Колдун — страница 14 из 41

Потом их головы были рядом на подушке.

Она гладила его волосы и повторяла «милый, милый». И он вдруг подумал — «ведь она пожалела меня». Эта мысль настолько обеспокоила его, что во рту появился горьковатый привкус. Да, это ясно: она его пожалела. Ну, с какой бы стати она так смотрела на него с самого начала, как только он появился? Она, такая красивая, видная, ладная, так красиво стоящая за своим прилавком, как она может быть совсем одна? Кто поверит? Да возле таких всегда рой целый кружится, это дважды два. Вон — сегодня! Ни на минуту не присела! И ладно бы отпускала все время свой товар, а то ведь — то с одним переговорит, то с другим. А с некоторыми шепталась! Зачем же ей он, обыкновенный случайный человек с поезда, «человек без стиля»? Объяснение только одно: он жалок. Его пожалеть хочется. Да — худ, бледен, невыразителен, нерешителен, хоть и хорохорился — как тут не пожалеть? Вот тебе и выделила, и отличила. Сказала же ей официантка: «Приласкать охота... худой, больной... Свой...» Стоп: а почему «свой»? Ах да, у нее эта опухоль. Но ведь доброкачественная! В самом деле давно могла бы избавиться. Вот-вот: она больна, он болен — свой! Что ж, она так всех хилых и невзрачных и привечает, что ли? Да чепуха! Не может быть! Не похоже! Не мнимая его болезнь растрогала ее, а именно то, что он жалок. И болтовня его была жалкой, и кутеж этот, и стихи — господи, как стыдно! Но почему стыдно-то? Ведь потому стыдно, что вел себя по-дурацки — пошло и жалко. А не потому, что жалела.

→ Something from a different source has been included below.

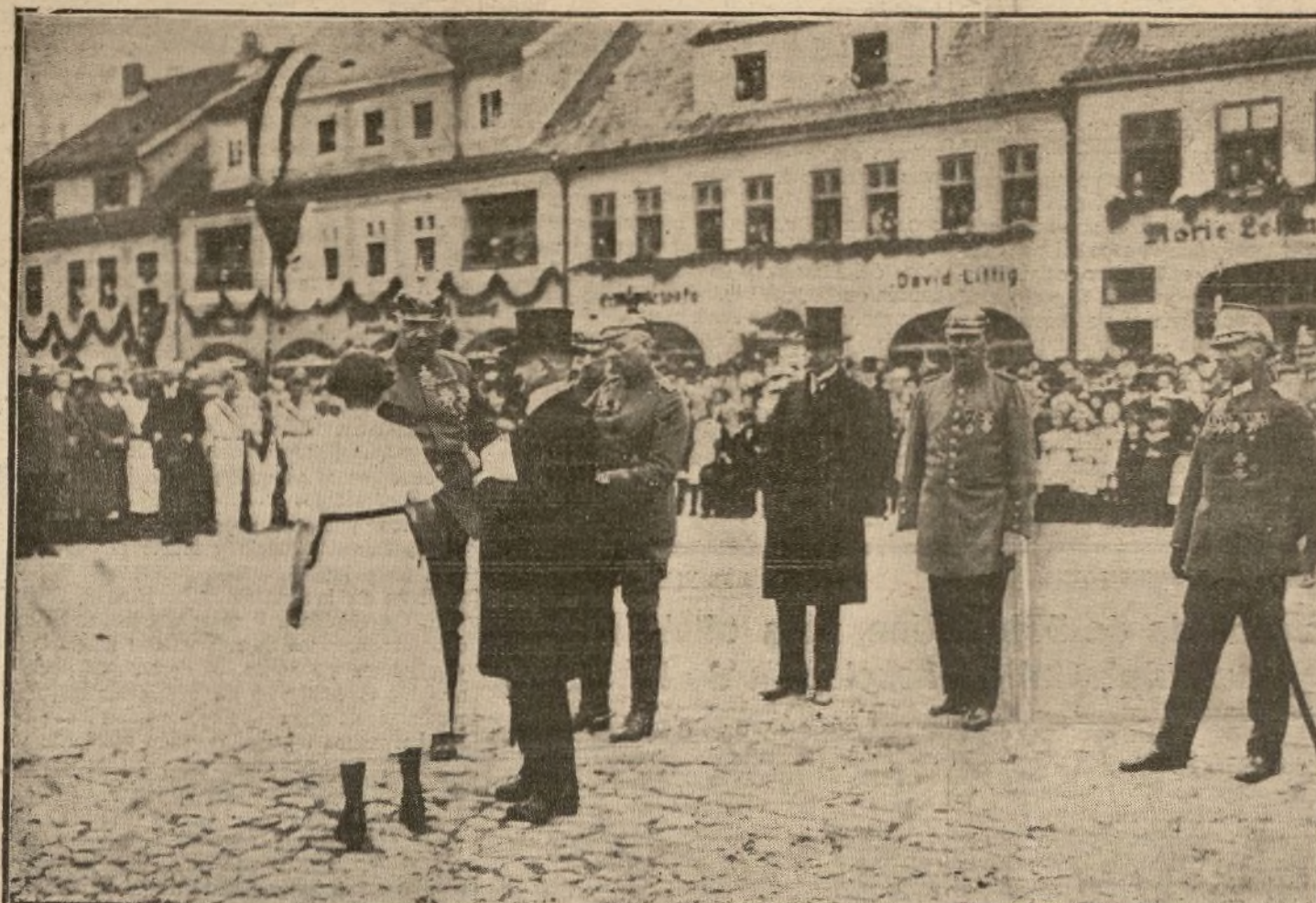
EL MARISCAL HINDENBURG EN LA PLAZA MERCADO DE LA VILLA DE HOHENSTEIN, CERCANA AL CAMPO DE BATALLA DE TANNENBERG.—UNA MUC HACHA, EN NOMBRE DE LA VILLA, LE OFRECIE UN RAMO DE FLORES

primer caso Francia cree inútil concurrir a la reunión de La Haya, dejando que los acontecimientos demuestren el error en que están los que creen posible una inteligencia con los Soviets. En el segundo caso Francia debe prepararse a la lucha, con la esperanza de atraerse a la mayoría de las naciones. La situación es bastante delicada para tomar uno de estos dos partidos sin pesar detenidamente el pro y el contra. Los acontecimientos dirán qué suerte será la que corran los franceses en este nuevo conflicto que separa otra vez fundamentalmente el criterio de los aliados en la manera de apreciar el tema de la reconstrucción de Europa.

Горьковатый привкус усиливался. Захотелось поднять голову, сесть, сказать что-то, что-то веское и серьезное, что-то немедленно выяснить. Но не было сил пошевелиться, отстранить ее руку, оборвать этот шепот «милый-милый»...

Какая-то тихая, робкая ярость шевельнулась в нем. Еще никто никогда не унизил так. Не замечали — да, презирали — да. Но чтобы прямо бросить в лицо: вижу, дескать, как ты жалок, — такого не было. Даже та шизофреничка из Житомира, в минуты очередной мрачности преподававшая, что «любить что-то нужно, друг мой, и что-то ненавидеть — это кардинальное условие полноценности», даже она не осмелилась, постеснялась. А эта, так называемая Арта... Что там у нее за опухоль, в конце концов? Где? А может, и не доброкачественная? А может, потому и не идет в больницу, что уже бесполезно?.. Спросить. Вот взять и спросить. Пусть поймет, что нельзя вот так, безнаказанно...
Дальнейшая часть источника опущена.